By minivan it takes 7 hours to travel from Luang Prabang to Xiangkhouang, where the famous Plain of Jars is located, and by bus it takes 8 hours. Be warned, it is a long slow journey with fantastic scenery and little else on the way.
Bus Times to Xiangkhouang
There is a single daily bus service from Luang Prabang to Xiangkhouang which you can book online.
- Passengers on this service travel on in a minivan.
- The road to Xiangkhouang has lots of bends in it and very few facilities on route. Bring water and a sick bag if you suffer from car sickness.

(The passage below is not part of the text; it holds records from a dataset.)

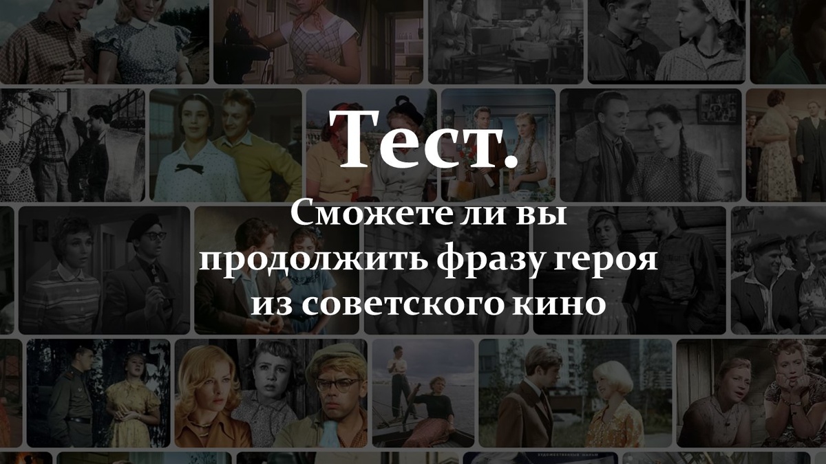Советское кино подарило нам десятки фраз, которые давно превратились в крылатые выражения и живут в нашей речи до сих пор. Мы цитируем любимых героев, порой даже не вспоминая, из какого именно фильма пришла та или иная реплика. Сможете ли вы продолжить знаменитую фразу, услышав лишь её начало? Всплывёт ли в памяти нужное слово, интонация, настроение сцены? А может, вы легко узнаете героя — и сразу мысленно перенесётесь в тот самый момент на экране? Готовы испытать себя и проверить свою кинематическую интуицию? И так поехали? Подписывайтесь на канал, чтобы не пропустить новых, интересных статей и тестов.
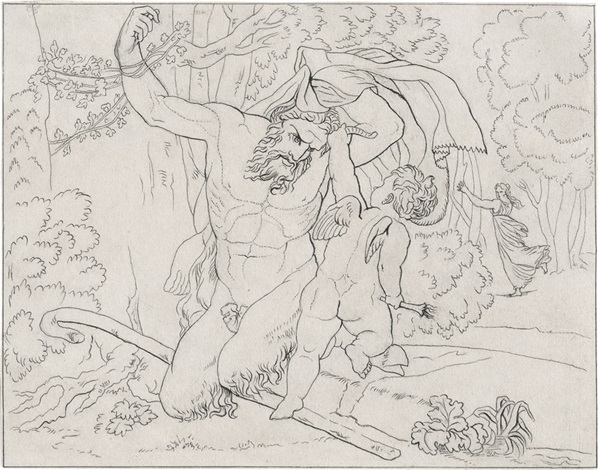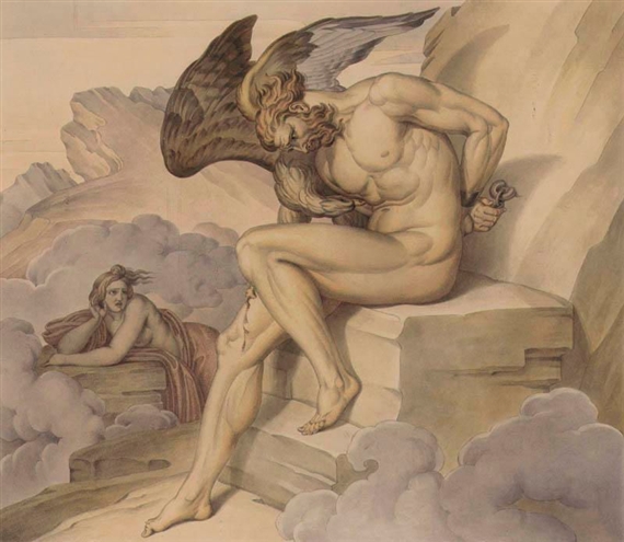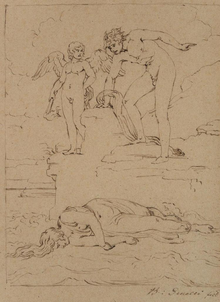 Bonaventura Genelli (Berlín, Alemania, 1798-1868) fue un pintor neoclásico italiano – la patria de sus padres – que se distinguió fundamentalmente por su labor como dibujante. Nos legó numerosos dibujos y algunos grabados en los que se aprecia su admiración por el mundo renacentista y, en particular, por Miguel Angel. Hace uso de los efectos de scorzo, tan apreciados por el artista florentino, y la anatomía de sus figuras es más creativa que realista. Sus pinturas son escasas.
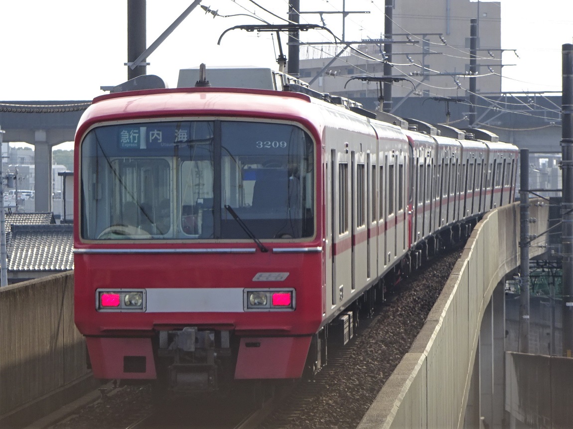 2200系と連結して特急運用に用いられることの多い3100系は、2019年より徐々に2200系に合わせた塗装に変更されています。…が、この塗装変更ものんびり進んでいるので、全編成の塗装を変更する気があるのかどうかについては何とも言えません。最近の名鉄にはよくある事ではありますが、前面の帯デザインがちょっと今一つなように思えます…。 撮影地:神宮前 |
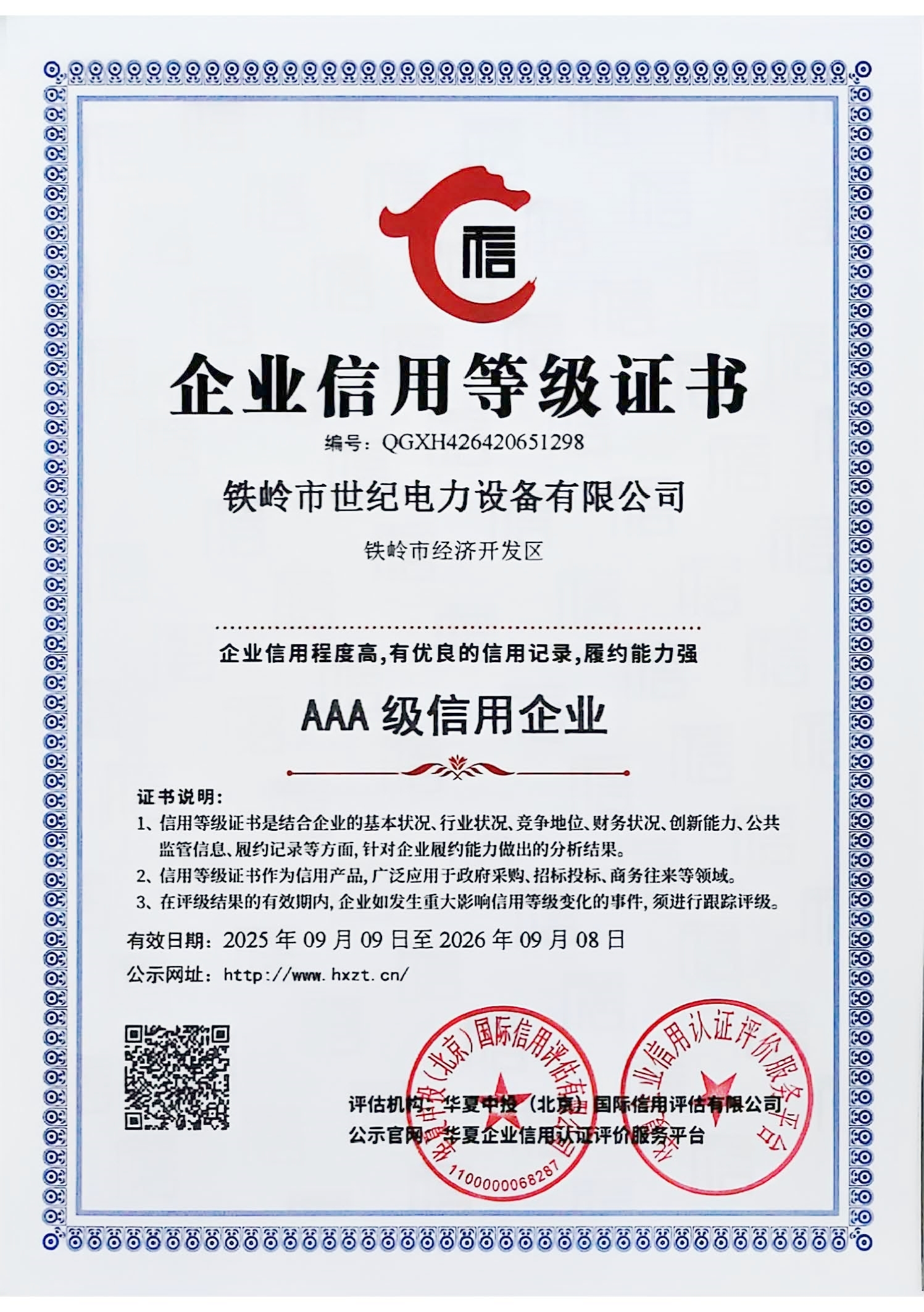 鐵嶺市世紀電力設備有限公司是集科研開發、生產制造、用戶服務于一體的國家高新技術企業,始建于1999年,位于鐵嶺經濟開發區,占地面積5萬余平方米,建筑面積2萬余平方米。主要從事國家電網配套戶外高低壓隔離開關、電力電纜、變壓器成套裝置、高低壓開關柜、箱式變電站、絕緣子等產品的研發、生產和銷售。公司現有國家發明專利6項、實用新型專利9項,公司通過了ISO9001國際質量管理體系認證、ISO14001環境管理體系認證和ISO 45001職業健康安全體系認證。
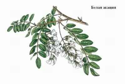 БЕ́ЛАЯ АКА́ЦИЯ (робиния ложноакациевая), растение рода робиния. Происходит из Северной Америки, широко культивируется в южных районах умеренной зоны. Листопадное дерево выс. 20—25 м. Крона ажурная, раскидистая. Побеги с шипами. Листья очередные, непарноперистые, с 11—15 яйцевидными листочками. Цветки мотылькового типа, белые, очень ароматные, в крупных поникших кистях. Плод – плоский боб дл. до 12 см. В России белую акацию разводят с сер. 18 в. Вначале её выращивали только в Московском ботаническом саду Демидова. Позднее она стала украшать улицы, сады и парки юга европейской части страны.
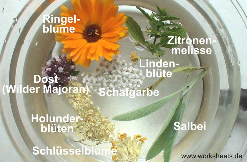 2. Den gesammelten Tee (z.B. Ringelblumen, Zitronenmelisse, Salbei usw. ) oben auf das heiße Wasser legen!
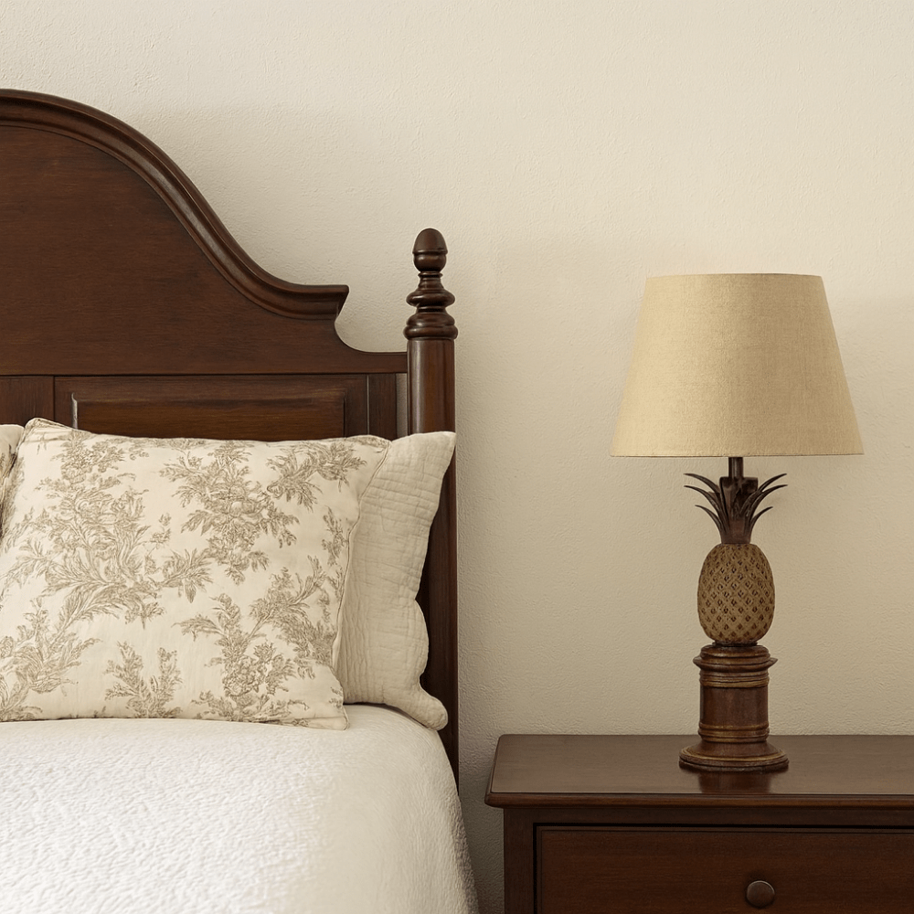 Bermuda pineapple table lamp has been very popular and become a symbol of hospitality in a sense of welcoming. The spiked leaves add eye-catching appeal to the detailed pineapple base. Four colours are available which are antique silver, brass, brown and white. Lamp shade that suits for silver and brass base is black or off-white linen. For the brown colour, the base will match with brown basket weave shade. With white lamp base, match shade would be in natural linen shade.
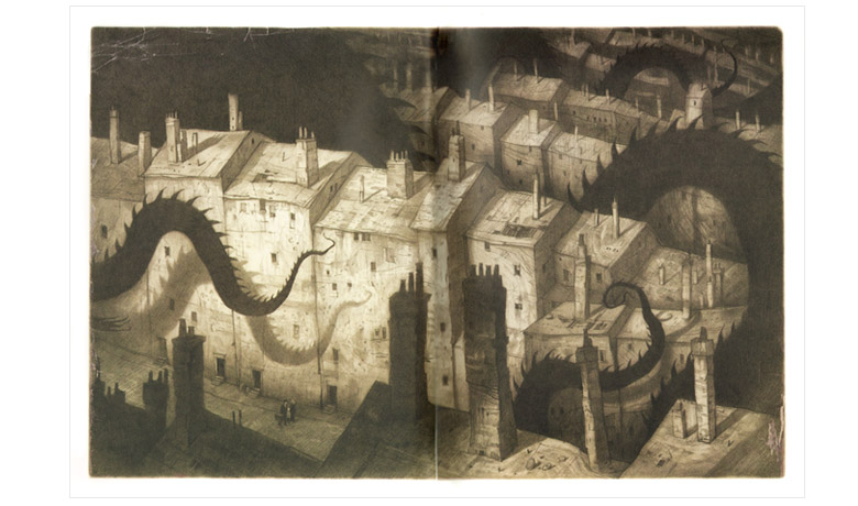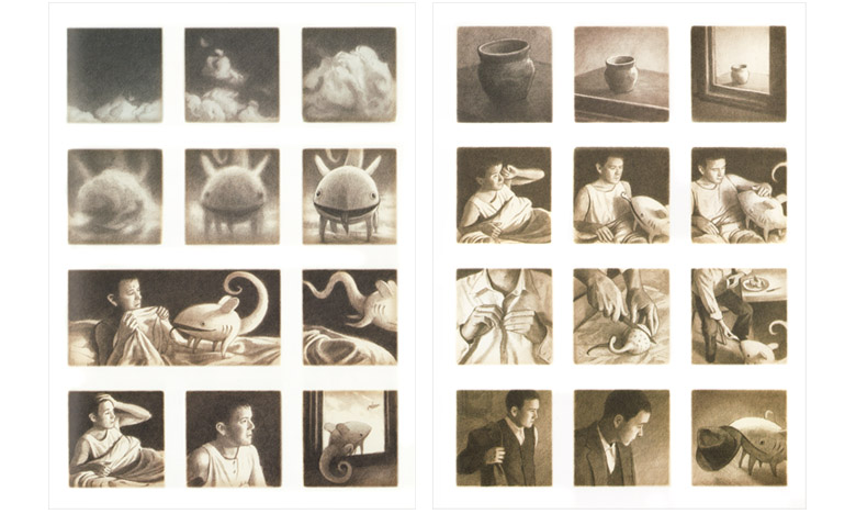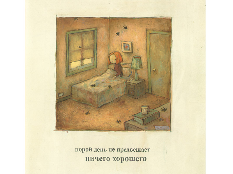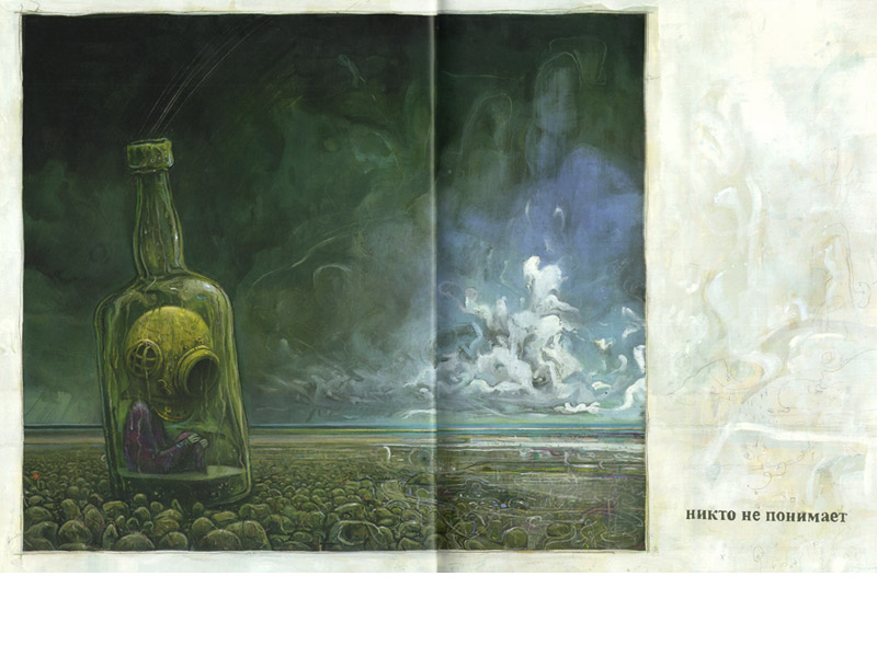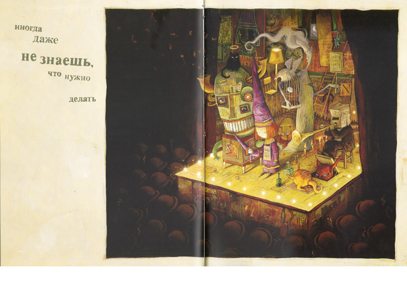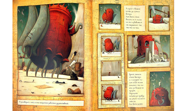 «Меня привлекает такое интуитивное понимание, когда необязательно объяснять, что мы видим, ‒ продолжает Шон Тан. ‒ Например, в книге есть существо – что-то среднее между кошкой и головастиком, оно очень хочет подружиться с главным героем. У меня есть свое понимание этого существа, оно связано с желанием быть принятым, с поиском общности, но мне трудно полностью выразить это словами, проще нарисовать».
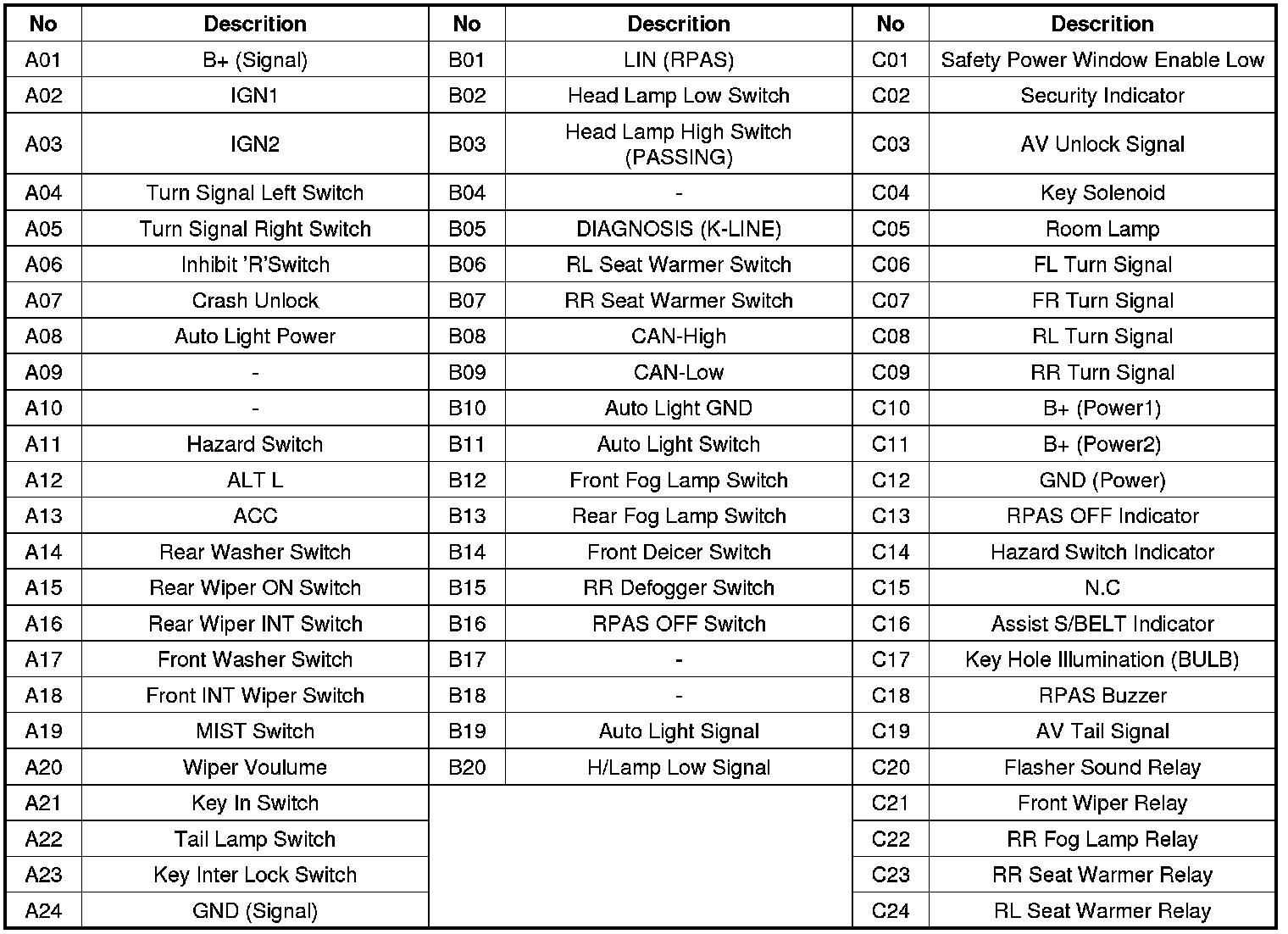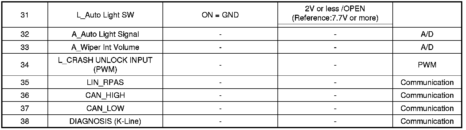 3. To consult the present input/out value of IPM, "Current DATA". It provides information of IPM input/output conditions of power supply, turn signal/brake lamp, headlamp, door locks, outside mirror, wiper, auto-light and transmitters etc.
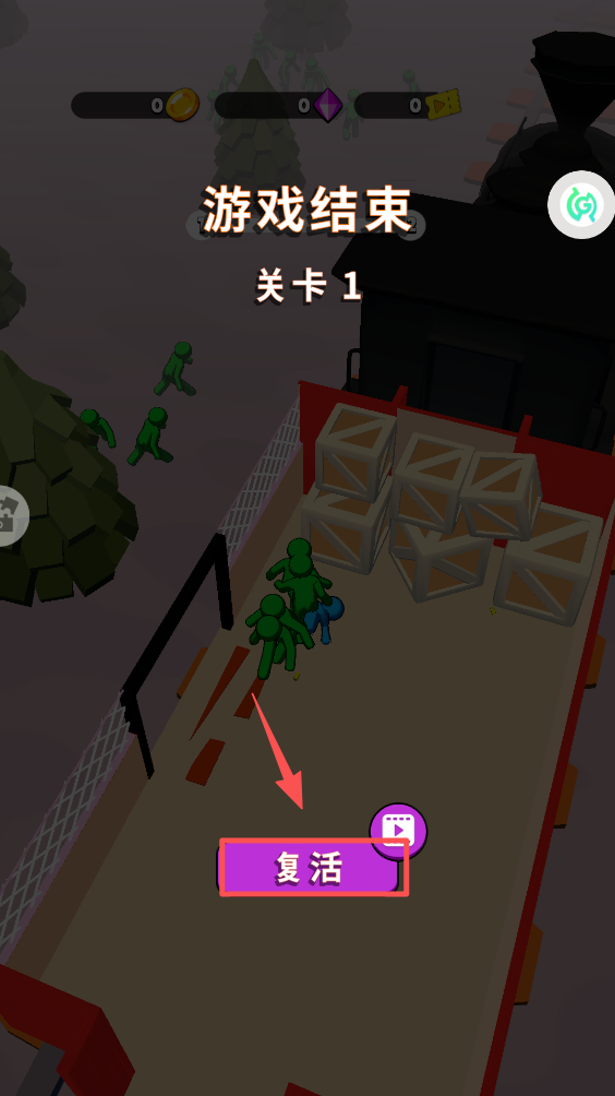 3、游戏结束后,点击“复活”按钮继续挑战或重新开始。
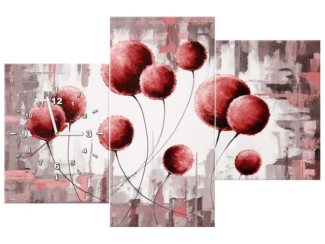 Úvod » Obrazy » Obrazy s hodinami » Obraz s hodinami Abstraktné púpavy v červenej

Buy Tickets to Xiangkhouang
Use the Search Box below to buy your bus tickets from Luang Prabang to Xiangkhouang.
Luang Prabang Bus Station
Bus services to Xiangkhouang depart from the Tourist and International Bus Station which is on the opposite side of the road to the Southern Bus Terminal in Luang Prabang.
Xiangkhouang Bus Station
Bus Services from Luang Prabang terminate at Phonsavan South Bus Station.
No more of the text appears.